# [AVAILABLE DATA]
================================

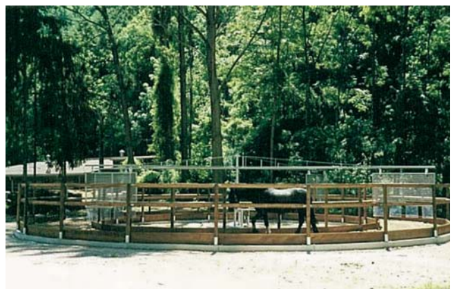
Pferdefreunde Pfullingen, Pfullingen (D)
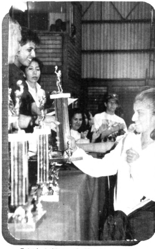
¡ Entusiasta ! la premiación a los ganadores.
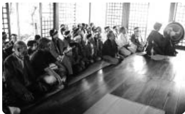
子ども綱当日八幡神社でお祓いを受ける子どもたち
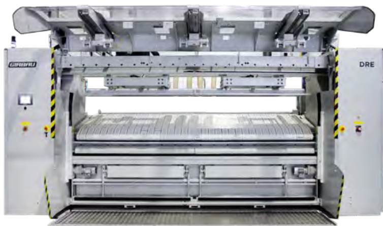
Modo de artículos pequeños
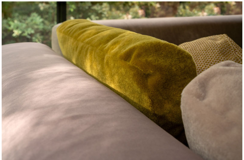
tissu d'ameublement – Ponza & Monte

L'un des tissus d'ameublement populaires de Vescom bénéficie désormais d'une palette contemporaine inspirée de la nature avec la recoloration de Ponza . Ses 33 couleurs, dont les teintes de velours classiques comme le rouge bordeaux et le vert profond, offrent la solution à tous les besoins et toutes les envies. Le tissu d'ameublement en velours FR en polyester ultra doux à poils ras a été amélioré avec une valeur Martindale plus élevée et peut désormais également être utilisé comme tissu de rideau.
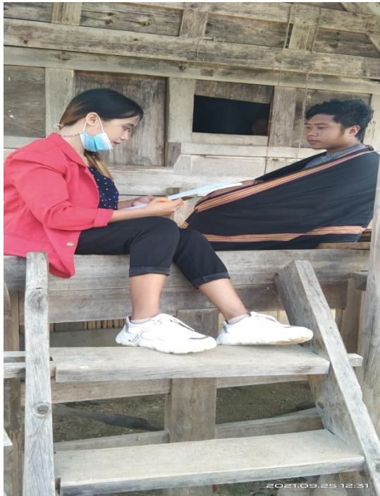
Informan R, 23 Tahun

================================

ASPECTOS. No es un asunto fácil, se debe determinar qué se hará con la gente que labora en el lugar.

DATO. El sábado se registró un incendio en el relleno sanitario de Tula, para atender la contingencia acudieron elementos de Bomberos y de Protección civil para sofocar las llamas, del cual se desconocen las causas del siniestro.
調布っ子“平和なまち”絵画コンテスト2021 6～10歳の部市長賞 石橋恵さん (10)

================================

# [THE PROBLEM]
Starting from the line with "Modo de artículos pequeños" in the records above, repeat each line exactly until you have written the line with "Informan R, 23 Tahun", then stop; drop the pictures.

# [ANSWER FOR THE TASK]
Modo de artículos pequeños
tissu d'ameublement – Ponza & Monte

L'un des tissus d'ameublement populaires de Vescom bénéficie désormais d'une palette contemporaine inspirée de la nature avec la recoloration de Ponza . Ses 33 couleurs, dont les teintes de velours classiques comme le rouge bordeaux et le vert profond, offrent la solution à tous les besoins et toutes les envies. Le tissu d'ameublement en velours FR en polyester ultra doux à poils ras a été amélioré avec une valeur Martindale plus élevée et peut désormais également être utilisé comme tissu de rideau.
Informan R, 23 Tahun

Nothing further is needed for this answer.